Selective Inhibition of Insulin Growth-Like Factor Receptor (IGFR) on Brain Endothelial Cells (BMECs) Using Adeno-Associated Virus (AAV) Serotype 9

Abstract

Ischemic stroke is the 5th leading cause of death within the U.S. and a major cause of long-term disability, especially in older females in comparison to men and younger women. This phenomenon is associated with a decrease in several steroid hormones including estrogen and the peptide hormone insulin growth-like factor (IGF)-1.1 In animal models, age-related loss of IGF-1 is associated with an increase in BBB permeability and worse stroke outcomes, including larger infarct volumes, greater sensory motor impairment, and increased neuroinflammation. Exogenous treatments of IGF-1 is shown to decrease BBB permeability and reduce brain infarct volume in middle-age female rats.8 Two main components of the BBB are astrocytes and brain microvessel endothelial cells (BMECs). Our recent studies demonstrated that targeted increases in IGF-1 expression in astrocytes through AAV-mediated gene transfer improves stroke outcomes in middle-age rats.10 These findings suggest that secreted astrocytic IGF-1 may act on endothelial cells to maintain the integrity of the blood brain barrier.
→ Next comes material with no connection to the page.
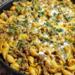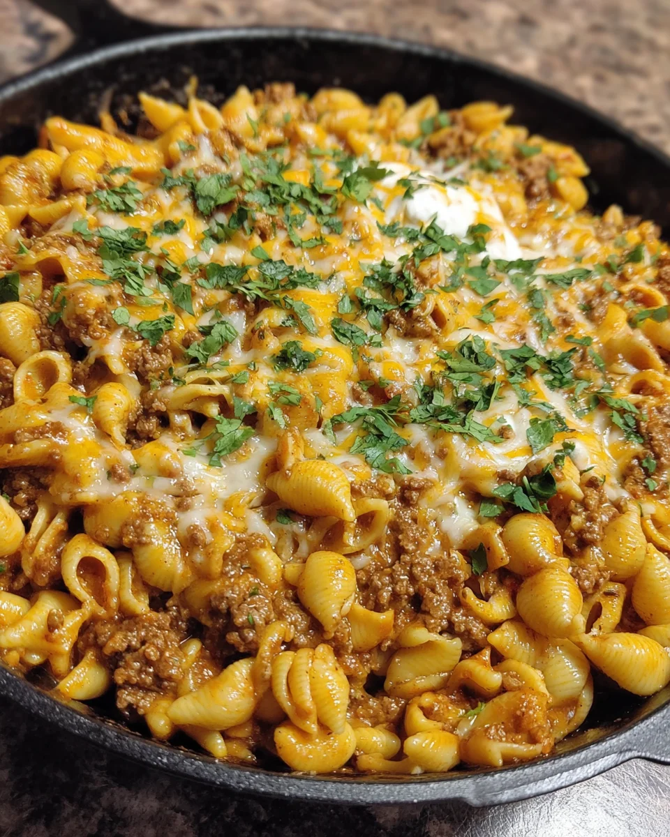 Now comes the moment we’ve been waiting for! Take the skillet off the heat and garnish your cheesy creation with fresh cilantro and a dollop of sour cream. This not only enhances the beauty of the dish but adds a lovely burst of freshness. Serve it warm in bowls, with maybe a crusty bread or tortilla chips on the side. Grab your forks, gather the family, and enjoy this delightful one-pan meal—your Cheesy Enchilada Hamburger Helper is ready!

To test this hypothesis, we propose to block IGF-1 receptors (IGFR) in BMECs of young female rats that still produce normal amounts of IGF-1. By successfully doing so, we would then be able to understand the significance of IGF-1 signaling on stroke outcomes as it interacts with BMECs. Adeno-associated virus (AAV) serotype 9, packaged with IGF1R shRNA and a mCherry reporter gene, was used to suppress the receptor. Mature adult female rats (5mo old) were injected with the control and siRNA containing AAV-9 vector. Integration of viral contents was assessed by immunohistochemistry and qPCR for IGFR on brain microvessels.